The script concordance test: an adequate tool to assess clinical reasoning?
In this issue of Perspectives on Medical Education, Lubarsky et al. investigate the possibility that test takers can obtain artificially inflated test scores on the Script Concordance Test (SCT) by strategically selecting options, rather than by using their knowledge to arrive at the correct answer . The Script Concordance Test is a test to assess clinical reasoning, consisting of items that require students to judge the change in likelihood of a diagnostic hypothesis (provided to them) given a new piece of information (also provided to them) on a five-point Likert scale, ranging from −2 ([almost] rules out the hypothesis) through 0 (does not change its likelihood) to +2 (hypothesis now [almost] certain) . For each item, the test takers’ response is compared with the composite judgment of a panel of experts, and credit points are assigned in accordance with the proportion of experts selecting the same response when test norms are constructed. If the testee selects the same response as the majority of experts, he/she obtains the maximum number of credit points. If the testee sides with a minority of experts, points are detracted. Otherwise, no points are awarded at all. By running a simulation, Lubarsky and colleagues  demonstrate that test takers who consistently choose the ‘0’ option (no change in likelihood) can artificially inflate their scores from −2.1 SD below the average of an actual sample of respondents—the score obtained by random guessing,—to −0.7 SD below this average. It may be argued that this form of ‘gaming the test’ by consistently selecting the ‘0’ option is contrived.
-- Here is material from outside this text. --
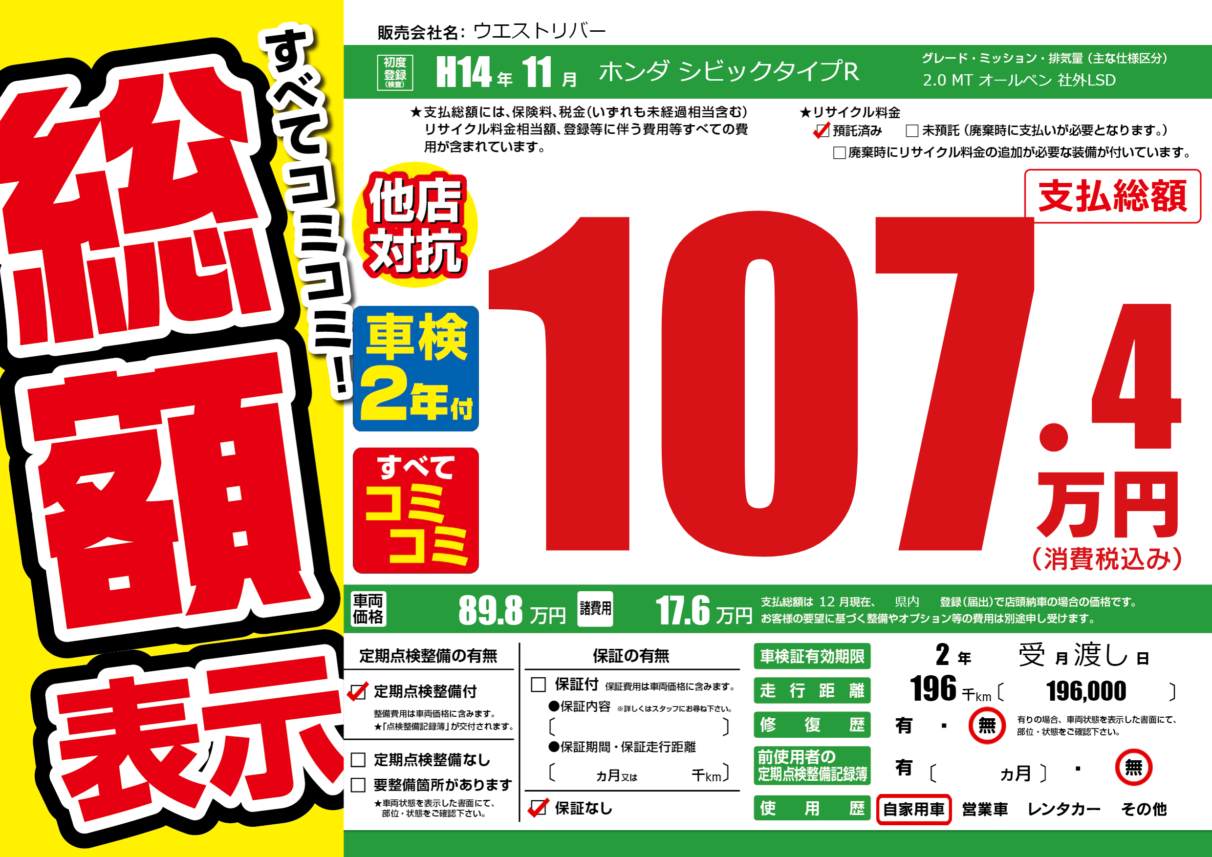| 車名 | ホンダ シビックタイプR | グレード ミッション 排気量 |

In fact, it is an inevitable consequence of using a computer simulation, which only enables investigation of formal, knowledge-free gaming strategies. However, it makes sense to assume a tendency among human test takers to select ‘0’ on items for which they lack the knowledge, or do not feel confident, because this appears to be the least risky option, which will fairly often yield some points. Participants with relatively little knowledge can exploit this ‘strategy’ by answering only the few questions they are confident they know, selecting the ‘0’ on all other questions. This way, they might succeed in elevating their score to well above the −0.7 SD level. Thus, the authors’ recommendation to restrict the number of SCT items for which ‘0’ is the correct answer seems to be defensible, even if no human test taker will ever consistently choose the ‘0’ on all SCT items.
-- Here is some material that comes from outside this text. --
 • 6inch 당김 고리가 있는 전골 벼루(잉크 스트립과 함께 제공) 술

Yet, I wonder whether this recommendation will be effective. In any case, it may be hard to maintain the measure in the long run, for if an SCT is repeatedly administered, students will probably become aware that ‘0’ is rarely the most profitable option. Thus, restricting the frequency of ‘0’ as the highest yielding option in the SCT might encourage students to use the opposite gaming strategy, i.e., avoiding ‘0’. This might aggravate the problem that, viewed from probability theory, ‘0’ is an unattractive option: in practice it will be very hard to prove that a particular piece of new information does not affect the likelihood of a diagnostic hypothesis at all. Test takers who attempt to apply their knowledge of probability theory will realize that new information that appears to have no bearings on the current diagnostic hypothesis might nonetheless affect the likelihood of an alternative diagnostic hypothesis, which implicitly increases or decreases the likelihood of the current hypothesis (assuming they exclude each other): probabilities necessarily add up to 1. Failure to relate new information to other than the focal diagnostic hypothesis is known as ‘pseudodiagnosticity’ [3, 4, 5] and SCT, in its current form, appears to encourage this form of flawed reasoning. In contrast, in a study we observed that many students and experts are aware that alternative diagnostic hypotheses should be taken into account, because this is the way clinicians ‘think’ . The point here is that apart from the gaming tendency suggested by Lubarsky and colleagues , there may be more reasons for test takers to prefer or avoid the ‘0’ option. If these reasons violate SCT purposes, they may compromise SCT validity.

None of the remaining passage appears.